The growing demand for efficient and lightweight Retrieval-Augmented Generation (RAG) systems has highlighted significant challenges when deploying Small Language Models (SLMs) in existing RAG frameworks. Current approaches face severe performance degradation due to SLMs' limited semantic understanding and text processing capabilities, creating barriers for widespread adoption in resource-constrained scenarios. To address these fundamental limitations, we present MiniRAG, a novel RAG system designed for extreme simplicity and efficiency. MiniRAG introduces two key technical innovations: (1) a semantic-aware heterogeneous graph indexing mechanism that combines text chunks and named entities in a unified structure, reducing reliance on complex semantic understanding, and (2) a lightweight topology-enhanced retrieval approach that leverages graph structures for efficient knowledge discovery without requiring advanced language capabilities. Our extensive experiments demonstrate that MiniRAG achieves comparable performance to LLM-based methods even when using SLMs while requiring only 25\% of the storage space. Additionally, we contribute a comprehensive benchmark dataset for evaluating lightweight RAG systems under realistic on-device scenarios with complex queries. We fully open-source our implementation and datasets at: https://github.com/HKUDS/MiniRAG.
Paper Structure (13 sections, 1 equation, 4 figures, 3 tables)
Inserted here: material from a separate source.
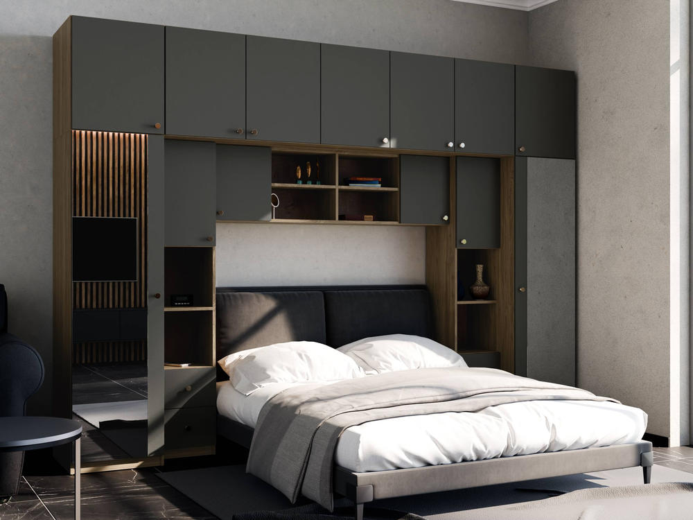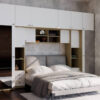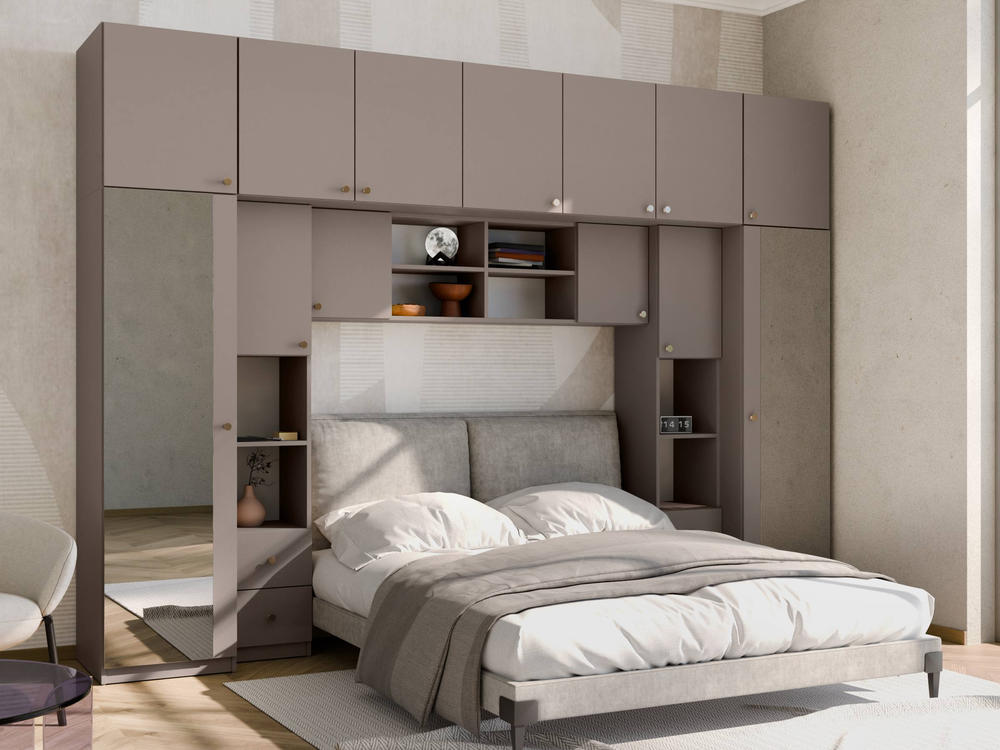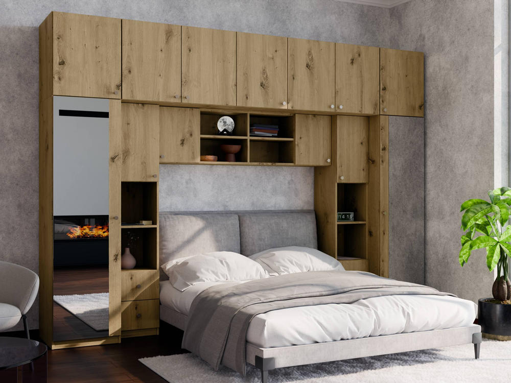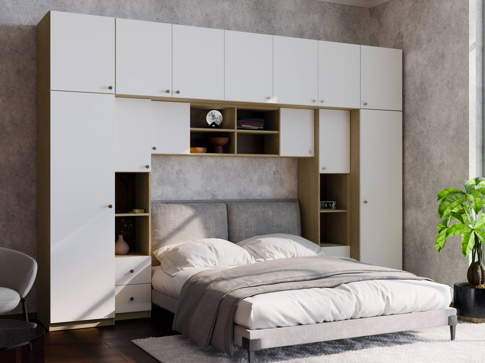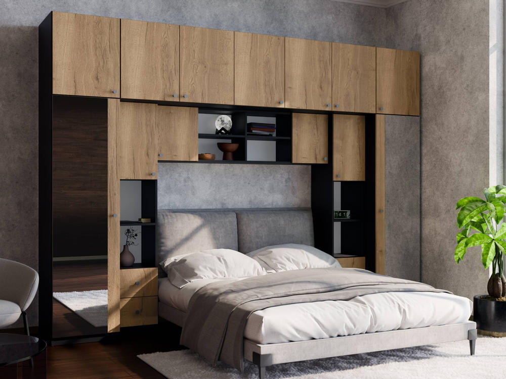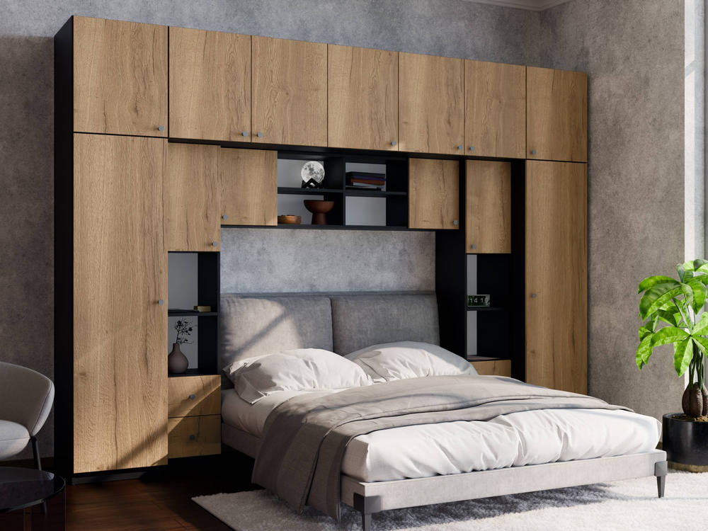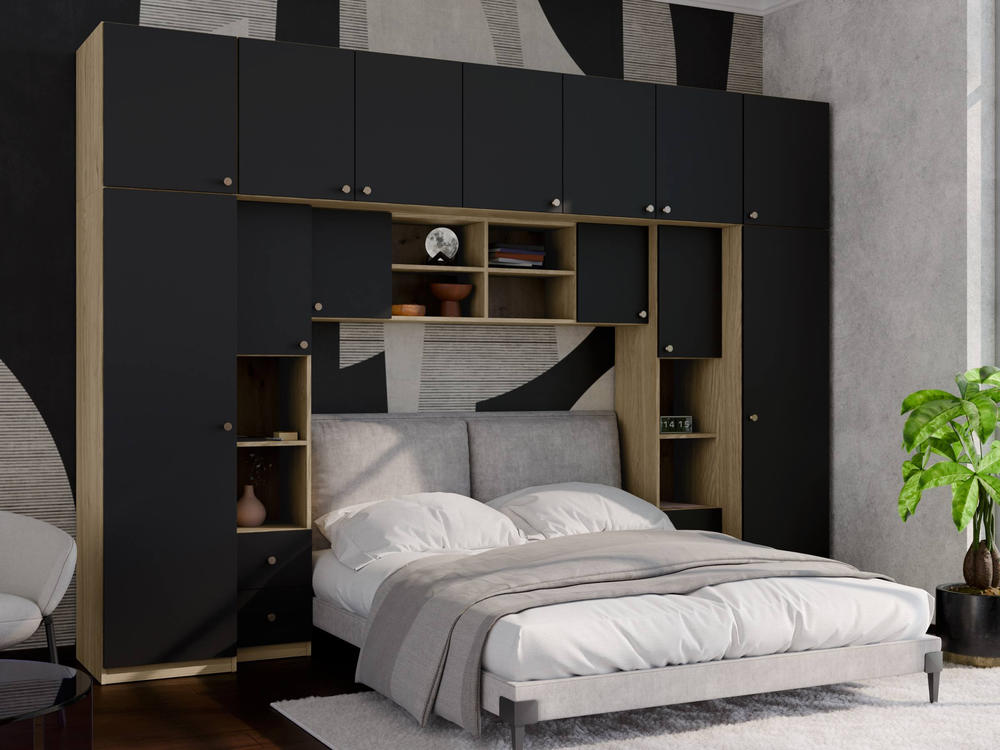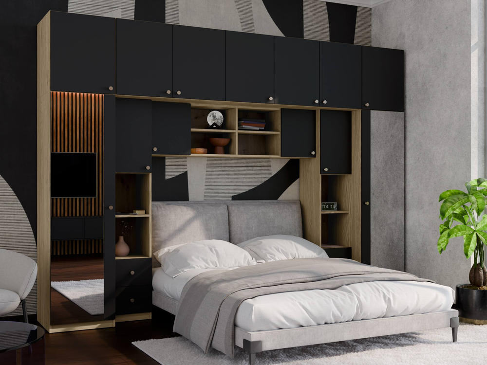 Baldo funkcionalumą užtikrina metalinės rankenėlės ir reguliuojamos kojelės. Tvirtos kojelės leidžia lengvai išlyginti spintelę ant nelygių grindų. Galimas platus spalvų pasirinkimas pagal jūsų interjerą. Papildomai galite pasirinkti veidrodžius ant vienos arba abiejų šoninių spintų. Bendri sistemos matmenys: 3340 mm plotis, 2400 mm aukštis ir 540 mm gylis. Atkreipiame dėmesį, kad lova ar TV staliukas į nurodytą kainą neįtraukti.

This paper contains 13 sections, 1 equation, 4 figures, 3 tables.

Figures (4)

  • Figure 1: The MiniRAG employs a streamlined workflow built on the key components: heterogeneous graph indexing and lightweight graph-based knowledge retrieval. This architecture addresses the unique challenges faced by on-device RAG systems, optimizing for both efficiency and effectiveness.
  • Figure 2: Compared to Large Language Models (LLMs), Small Language Models (SLMs) show significant limitations in both indexing and answering phases. Left: SLMs generate notably lower-quality descriptions than LLMs. Right: When processing identical inputs, SLMs struggle to locate relevant information in large contexts, while LLMs perform this task effectively.
  • Figure 3: Accuracy vs. Storage Efficiency: Comparative analysis of three RAG systems - MiniRAG, LightRAG, and GraphRAG.
  • Figure A1: LiHuaWorld simulates a digitally interconnected world where AI agents communicate through mobile chat applications. Through the lens of our primary subject, Li Hua, we observe and collect authentic chat interactions within this virtual social ecosystem.